_DATA FOR PROCESSING_
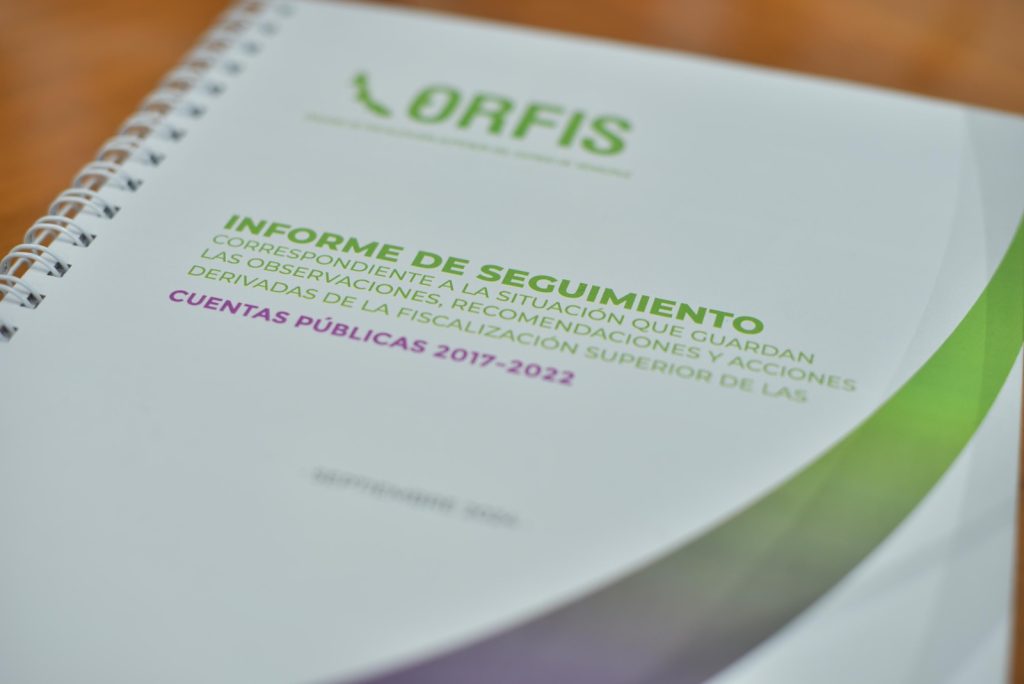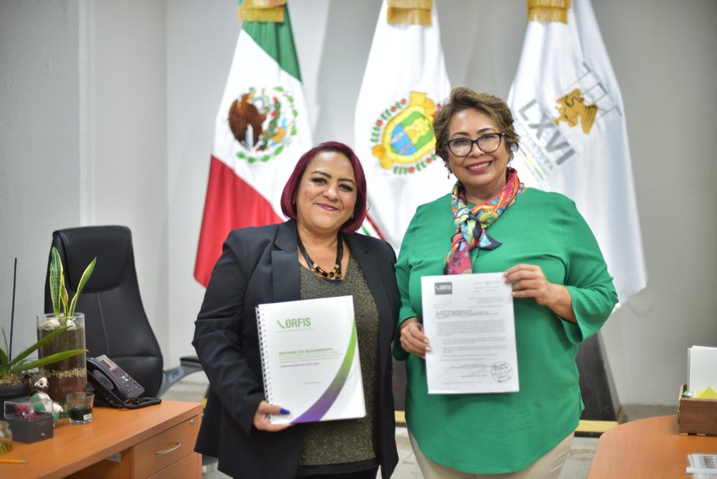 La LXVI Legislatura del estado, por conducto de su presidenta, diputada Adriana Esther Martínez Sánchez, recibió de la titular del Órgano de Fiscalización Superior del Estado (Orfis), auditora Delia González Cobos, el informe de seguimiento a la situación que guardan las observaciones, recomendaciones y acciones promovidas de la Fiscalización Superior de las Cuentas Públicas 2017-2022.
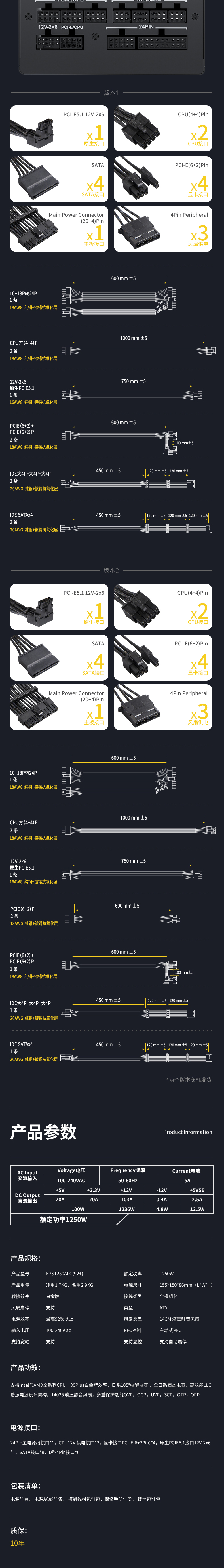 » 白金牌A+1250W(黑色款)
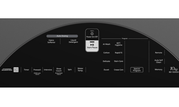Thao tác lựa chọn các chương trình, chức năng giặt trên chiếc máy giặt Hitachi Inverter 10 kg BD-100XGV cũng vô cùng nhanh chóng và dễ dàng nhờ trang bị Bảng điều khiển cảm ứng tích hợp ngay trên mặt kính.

...

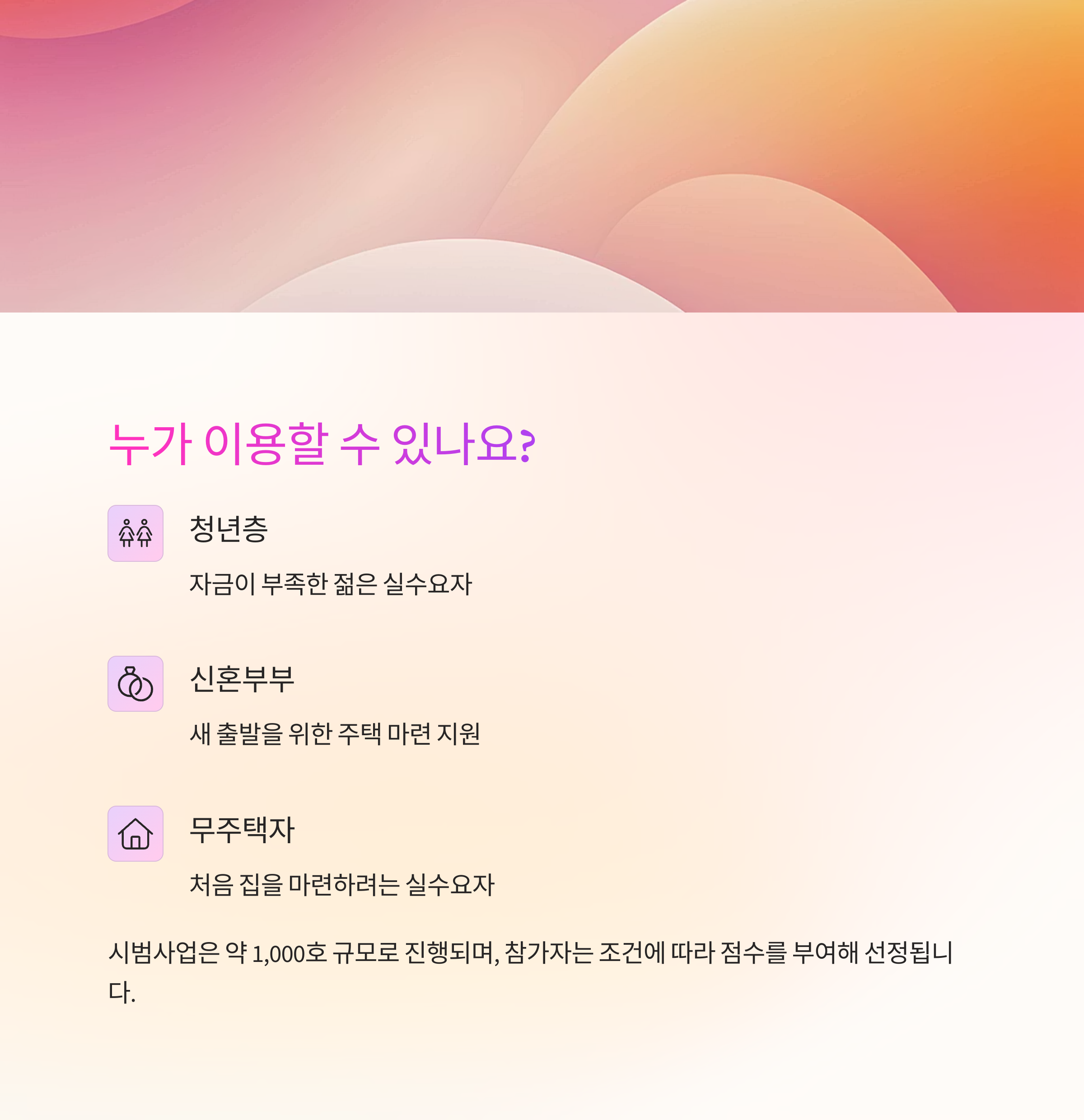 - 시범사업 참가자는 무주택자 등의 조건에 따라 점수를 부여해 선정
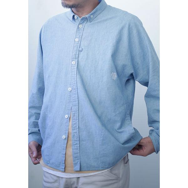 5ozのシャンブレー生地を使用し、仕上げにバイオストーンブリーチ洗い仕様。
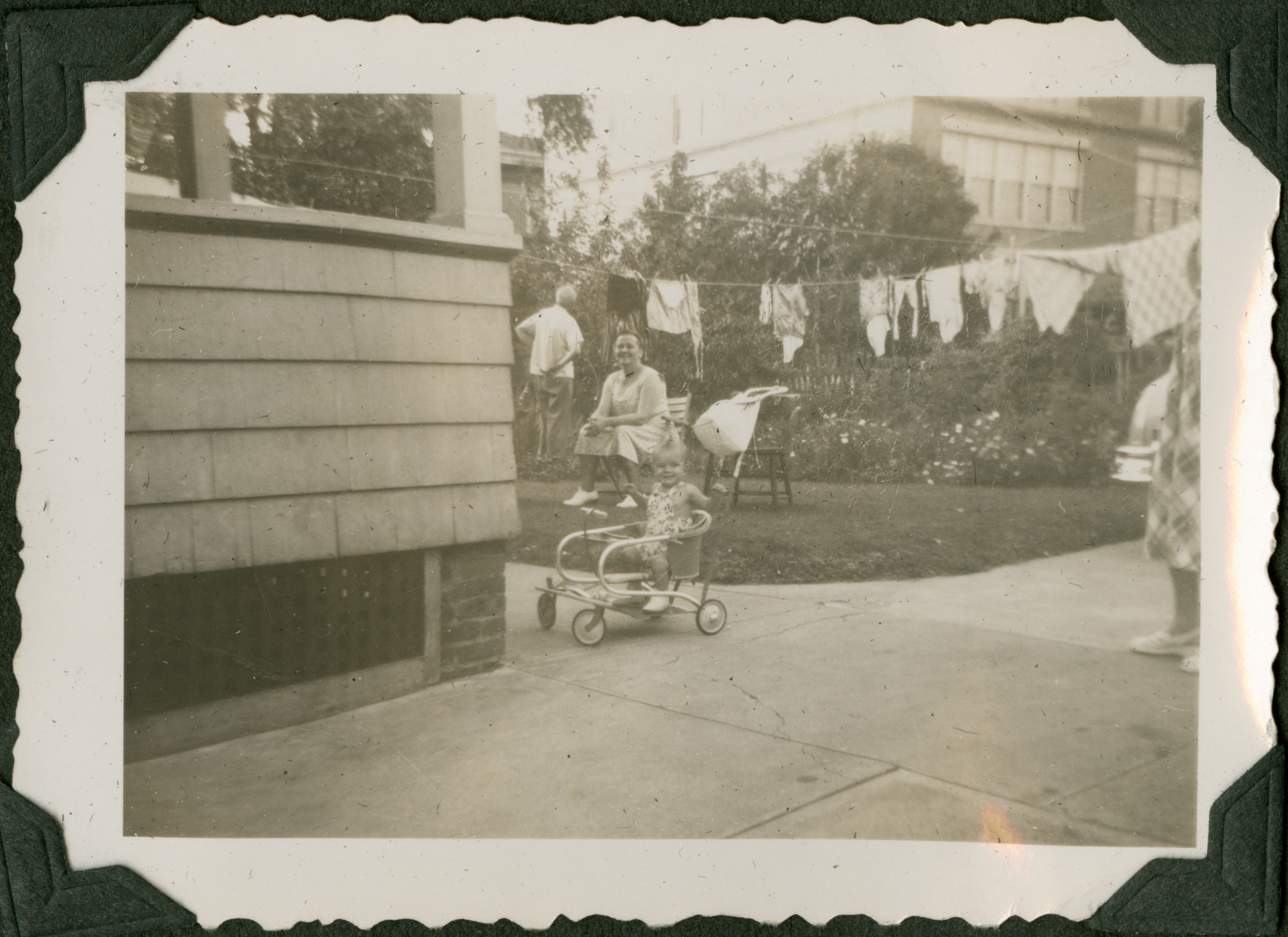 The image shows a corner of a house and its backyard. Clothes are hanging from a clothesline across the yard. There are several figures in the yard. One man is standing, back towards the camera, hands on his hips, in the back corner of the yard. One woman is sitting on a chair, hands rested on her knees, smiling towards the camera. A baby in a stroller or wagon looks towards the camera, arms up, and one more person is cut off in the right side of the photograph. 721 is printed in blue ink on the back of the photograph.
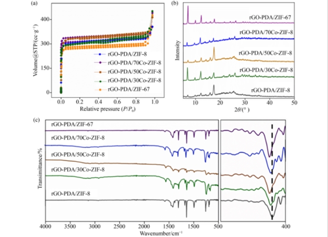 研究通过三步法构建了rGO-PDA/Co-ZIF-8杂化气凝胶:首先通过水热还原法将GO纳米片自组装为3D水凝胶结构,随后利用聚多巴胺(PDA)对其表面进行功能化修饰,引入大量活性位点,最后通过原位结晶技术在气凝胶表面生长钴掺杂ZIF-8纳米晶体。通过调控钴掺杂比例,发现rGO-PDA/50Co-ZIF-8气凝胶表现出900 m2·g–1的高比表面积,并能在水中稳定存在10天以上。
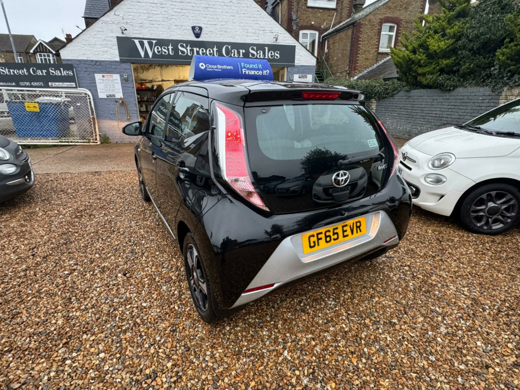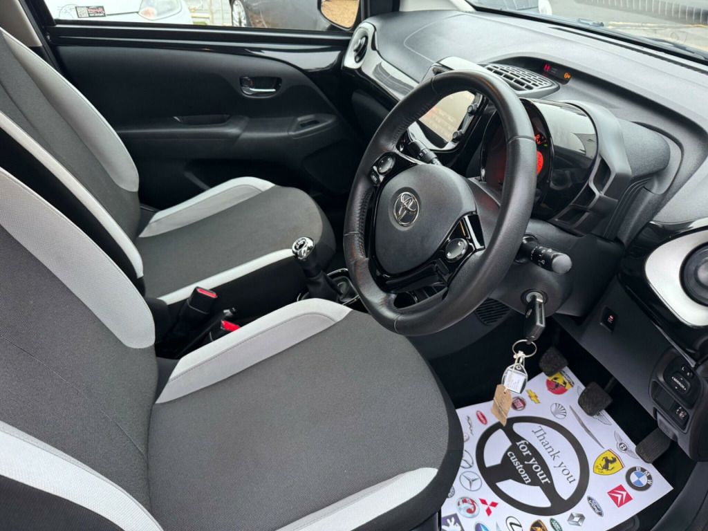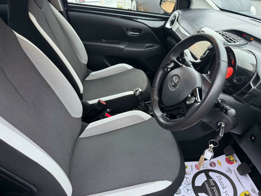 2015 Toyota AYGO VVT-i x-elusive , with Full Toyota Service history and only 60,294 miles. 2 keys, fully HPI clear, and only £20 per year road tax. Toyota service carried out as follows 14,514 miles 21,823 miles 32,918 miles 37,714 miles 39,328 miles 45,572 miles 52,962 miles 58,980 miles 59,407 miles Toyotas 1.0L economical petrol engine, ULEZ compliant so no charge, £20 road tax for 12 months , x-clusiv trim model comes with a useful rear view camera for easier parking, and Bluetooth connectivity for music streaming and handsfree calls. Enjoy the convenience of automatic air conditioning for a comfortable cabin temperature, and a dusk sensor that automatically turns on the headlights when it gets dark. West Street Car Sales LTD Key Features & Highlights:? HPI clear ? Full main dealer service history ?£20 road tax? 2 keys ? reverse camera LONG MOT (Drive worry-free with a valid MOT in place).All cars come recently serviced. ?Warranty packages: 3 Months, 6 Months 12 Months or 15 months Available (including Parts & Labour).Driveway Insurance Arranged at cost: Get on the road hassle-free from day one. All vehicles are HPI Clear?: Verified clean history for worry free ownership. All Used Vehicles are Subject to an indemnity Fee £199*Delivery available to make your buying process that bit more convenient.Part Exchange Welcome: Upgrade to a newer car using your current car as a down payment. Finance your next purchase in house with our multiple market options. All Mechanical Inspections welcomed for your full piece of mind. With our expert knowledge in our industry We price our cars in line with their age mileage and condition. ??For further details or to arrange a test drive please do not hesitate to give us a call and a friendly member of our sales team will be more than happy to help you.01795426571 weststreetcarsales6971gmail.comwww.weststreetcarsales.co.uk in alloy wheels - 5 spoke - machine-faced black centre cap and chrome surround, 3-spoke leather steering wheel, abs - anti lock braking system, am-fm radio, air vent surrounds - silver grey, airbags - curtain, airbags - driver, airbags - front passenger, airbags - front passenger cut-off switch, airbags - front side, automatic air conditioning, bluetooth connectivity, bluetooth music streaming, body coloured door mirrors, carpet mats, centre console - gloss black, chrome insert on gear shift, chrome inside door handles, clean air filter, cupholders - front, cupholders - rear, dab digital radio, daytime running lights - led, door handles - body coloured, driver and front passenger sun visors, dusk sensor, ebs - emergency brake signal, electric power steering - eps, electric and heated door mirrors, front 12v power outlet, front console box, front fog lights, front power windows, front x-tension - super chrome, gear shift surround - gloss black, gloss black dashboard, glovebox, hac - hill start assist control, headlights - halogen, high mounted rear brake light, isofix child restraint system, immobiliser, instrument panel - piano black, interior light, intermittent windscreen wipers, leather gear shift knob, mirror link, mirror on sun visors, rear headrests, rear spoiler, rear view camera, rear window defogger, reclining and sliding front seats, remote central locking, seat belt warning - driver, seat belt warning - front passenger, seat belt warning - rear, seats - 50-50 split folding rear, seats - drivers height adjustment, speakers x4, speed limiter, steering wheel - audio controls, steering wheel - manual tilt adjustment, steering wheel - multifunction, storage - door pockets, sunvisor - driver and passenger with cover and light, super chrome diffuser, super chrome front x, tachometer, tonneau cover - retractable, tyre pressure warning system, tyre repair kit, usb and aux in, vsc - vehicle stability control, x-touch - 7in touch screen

_TRY IT_
In the records above, find the line with "La LXVI Legislatura" and the line with "Thao tác lựa", then restate word for word only those two lines and all lines between, omitting pictures.

_YOUR RESPONSE_
 La LXVI Legislatura del estado, por conducto de su presidenta, diputada Adriana Esther Martínez Sánchez, recibió de la titular del Órgano de Fiscalización Superior del Estado (Orfis), auditora Delia González Cobos, el informe de seguimiento a la situación que guardan las observaciones, recomendaciones y acciones promovidas de la Fiscalización Superior de las Cuentas Públicas 2017-2022.
 » 白金牌A+1250W(黑色款)
Thao tác lựa chọn các chương trình, chức năng giặt trên chiếc máy giặt Hitachi Inverter 10 kg BD-100XGV cũng vô cùng nhanh chóng và dễ dàng nhờ trang bị Bảng điều khiển cảm ứng tích hợp ngay trên mặt kính.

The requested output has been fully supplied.